В девятом классе я узнал, как выглядит гитара Fender; узнал также чем сей стратакастер*(21) отличается от советской электрогитары марки Урал. Потом начал играть – на чём повезет; диапазон – от подъездной деревяшки до инструментов типа Gibson. Кстати, многие лабухи (я ни в коем случае не желаю делать саркастический акцент на этом слове и обидеть ресторанных музыкантов) вкалывали вовсю, чтобы накопить денег на хороший инструмент. Они отказывали себе во многом, чтобы купить приличную гитару, хороший саксофон или клавиши, заботясь, прежде всего, о правильном и качественном звучании той музыки, которую играли. Ведь параллельно с ресторанной халтурой многие занимались настоящим творчеством.

А ещё знаете, о чём я подумал? Ведь группа Песняры в середине семидесятых была ничем не хуже, чем скажем, Uriah Heep того же периода. Вы скажете: "Разве можно сравнивать такие вещи?" "А почему бы и нет? Они ведь серьёзную музыку играли – и британская команда и белорусский ансамбль."

Впервые попав в музыкалку (репетиционную комнату) художественного училища, я угодил в водоворот, который потом надолго меня закружил и предопределил многие последующие события моей жизни. Позже я перезнакомился с великим множеством (возможно... да нет, наверняка, великих) людей, и многим из них по сей день благодарен за общение и за то, чему от них научился.

Арт однажды пришёл и сказал, что администрация их училища раскрутилась на Болгарский аппарат. Он не очень-то разбирался в технике, но имел сведения, что из Москвы в упаковке привезли усилители и колонки, мощность которых что-то около четырёхсот ватт. Меня это очень впечатлило. Вот бы включиться в такой эквипмент*(22) поиграть, ведь это ж на целый квартал будет слышно! Я имел шапочное знакомство с теми, кто учился с Артом и Джейн, знал ребят постарше из других групп училища. Музыкальная команда без названия существовала при худ училище давно, да только солист из неё ушел по причине окончания заведения; в начале лета поехал поступать в ленинградскую академию художеств. На летний период команда самораспустилась. Но тётенька-завуч внезапно разыскала музыкантов, с тем, чтобы отправить в пионерский лагерь, где студенты проходили педагогическую практику – там не хватало массовика-затейника, некому было проводить дискотеки. Арт знал о моей заветной мечте – сколотить команду и петь свои песни, коих в моём репертуаре скопилось к тому времени десятка два. Я без стеснения показывал свои экзерсисы Арту и Дженни. Кстати, наша девушка сама писала стихи и была не прочь, чтобы я когда-нибудь превратил какие-то из её вирш в песенные произведения посредством сочинения к ним мелодий. Играл я на гитаре примитивно (слава Богу, это понимал). Учиться нотной грамоте всегда было недосуг (ленив я был), но к поэзии питал особое пристрастие и, выслушивая скупые похвалы Арта и Дженни, скромно надеялся на то, что в стихотворчестве, всё-таки, немного преуспел.

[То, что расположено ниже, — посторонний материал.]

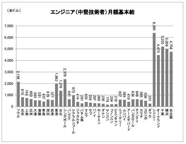 ホーム > 海外ネット関連ニュース> エンジニアの給与比較 (アジア・オセアニア)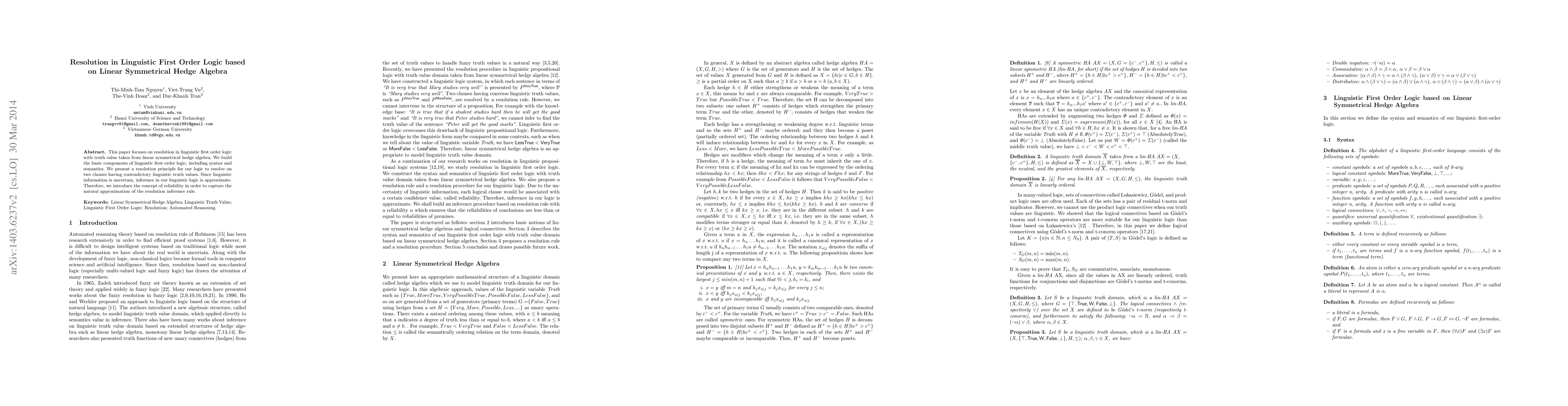 This paper develops a resolution principle for linguistic first order logic using linear symmetrical hedge algebra, focusing on managing uncertainty through a reliability measure to capture approximate inference. The resolution method addresses contradictory linguistic truth values effectively.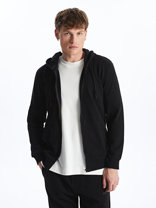 • Kap??onlu Uzun Kollu Erkek Fermuarl? Sweatshirt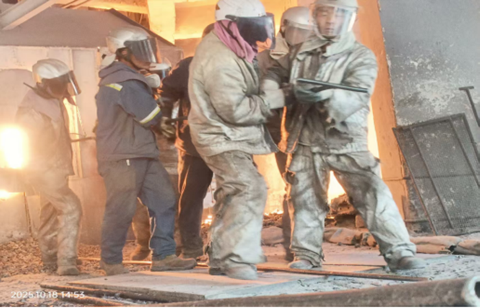 出爐工,是這里的主角。他們身著被汗水反復浸透又烤干、結出白色鹽漬的阻燃服,頭戴沉重的防護頭盔,像無畏的戰(zhàn)士,堅守在陣地的最前沿。他們的工作,是時刻關注爐況,用長長的鋼釬疏通投料口,防止“棚料”。每一釬下去,都需要全身的力氣,與爐內黏稠的料漿抗爭。汗水從額頭滾落,迷住雙眼,卻來不及擦拭,因為爐火不等人。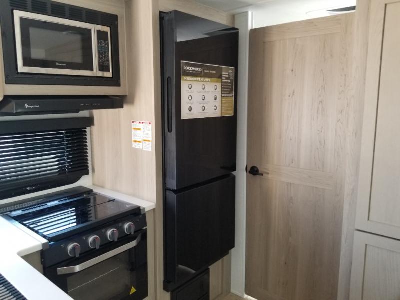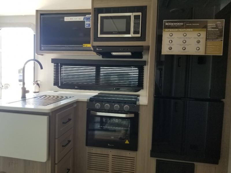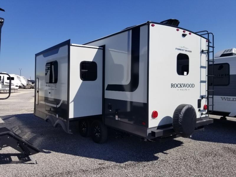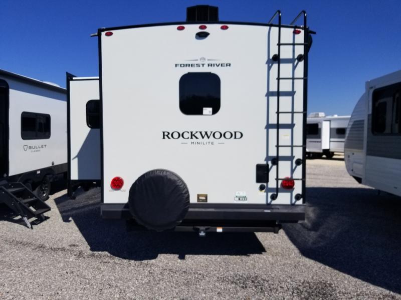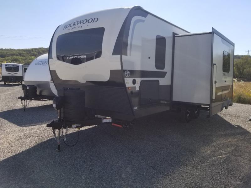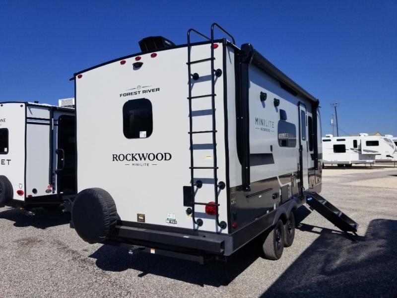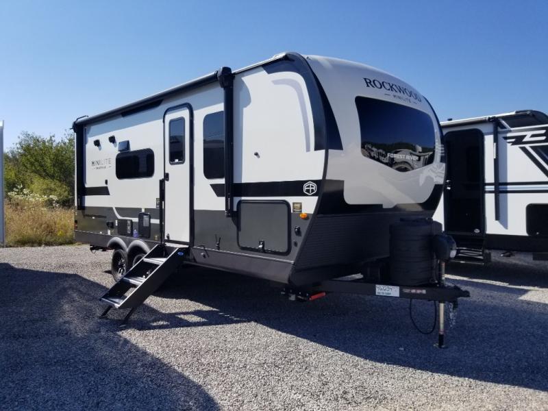 Each Rockwood Mini Lite travel trailer by Forest River is constructed with a fully laminated one-piece walkable roof, sleek frameless windows, and a six-sided full aluminum frame for strength and durability. The 12V thermostatically controlled heated tanks, plus radiant foil in the underbelly will allow you to camp well into the colder months, and the 200W roof solar panel will be perfect for a little off-gridding. Each model includes solid surface kitchen countertops, hidden hinge cabinet doors, roller shades, plus many more interior features. Having an AIR 360+ omnidirectional antenna with WiFi prep on board gives you the option to get some work done if it's needed, and the power tongue jack provides hassle-free set up, so you can enjoy more time relaxing!
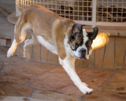 Stella: is an 18 month old female Saint. She is cute, funny and has lots of energy. She is spayed and up to date on her shots, Heartworm neg. and is micro chipped. She was turned in by her previous owner due to lack of time. She was well loved with no restrictions or training. Stella needs an alpha home and with some guidance, she’ll make a wonderful pet. 8/30/2015

Одному из участников группы без названия по имени Боб (в миру, естественно, Борис) меня Арт и отрекомендовал – как автора и исполнителя. "В конце концов, никто у вас там ничего не пишет, - убеждал музыканта мой друг, - Послушаете Кайдовские песни, может, сделаете что-то вместе". Было странно, что свято место франт-мэна, вокалиста оказалось вакантным – никто из трёх членов команды не пожелал встать у микрофона. Зато каждый не прочь был занять нишу лидера, то есть, художественного руководителя.

Итак, желание петь оригинальный репертуар, приказ педагога-завуча, возможность оттянуться*(23) в пионерском лагере (где симпатичные девочки-вожатые), а также, убедительные доводы Арта, всё это подвигло Боба к попытке совместного со мной музицирования. Он попросил об аудиенции в музыкалке.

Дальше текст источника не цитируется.